Альфонс Доде - Нума Руместан
Руместан смотрел на него подозрительно: он полагал, что маркиз иронизирует.
— Ну да, помните наш спор о любви?.. — пояснил маркиз. — Вы оказались правы… Не одни молокососы нравятся красоткам… Я сейчас такую подцепил! — Никогда еще я не был так увлечен… Тысяча чертей и одна ведьма!.. Даже в двадцать пять лет, когда только вышел из училища…

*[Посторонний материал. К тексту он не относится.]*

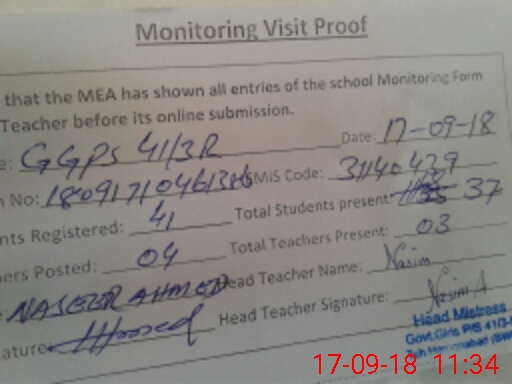 | Attendance Register | Head Teacher | MEA with School | Visit Proof |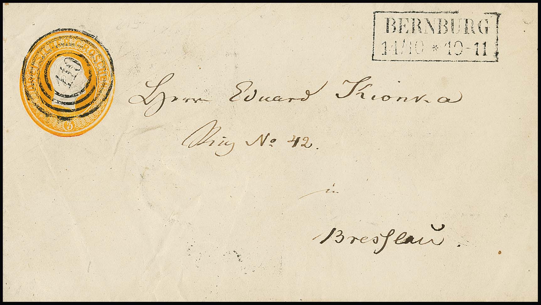 "110" nebst Ra2 "Bernburg" klar auf Kopf-Ganzsache 3 Sgr. gelborange, sign. Kastaun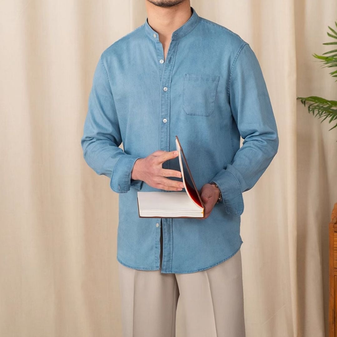 上品なブルーカラーが清潔感を演出し、ビジネスカジュアルな雰囲気を持ちます。

Руместан слушал все это, держась одной рукой за ручку дверцы извозчичьей кареты; ему хотелось улыбнуться старому бабнику, но вместо улыбки у него вышла страдальческая гримаса. Его взгляд на женщин только что, можно сказать, перевернулся вверх дном… Слава, гениальность — какая ерунда! Не этого они у нас ищут… Он чувствовал себя разбитым, он был полон отвращения ко всему на свете, ему сперва хотелось плакать, а потом заснуть, чтобы ни о чем не думать, а главное — не видеть дурацкой улыбки этой негодяйки, которая стояла перед ним растерзанная, и вся ее плоть словно ощетинилась и дрожала от прерванного объятия. Но часы нашей проходящей в треволнениях жизни не ждут, они набегают друг на друга, как волны. Вместо желанного отдыха, на который он рассчитывал, в министерстве его ждал новый удар — депеша, которую Межан распечатал в его отсутствие и теперь в волнении протянул ему:
«Ортанс умирает. Хочет тебя видеть. Приевжай скорее. Вдова Порталь».
У недо вырвалось восклицание, в котором сказался весь его чудовищный эгоизм:
— Я теряю преданную мне душу!..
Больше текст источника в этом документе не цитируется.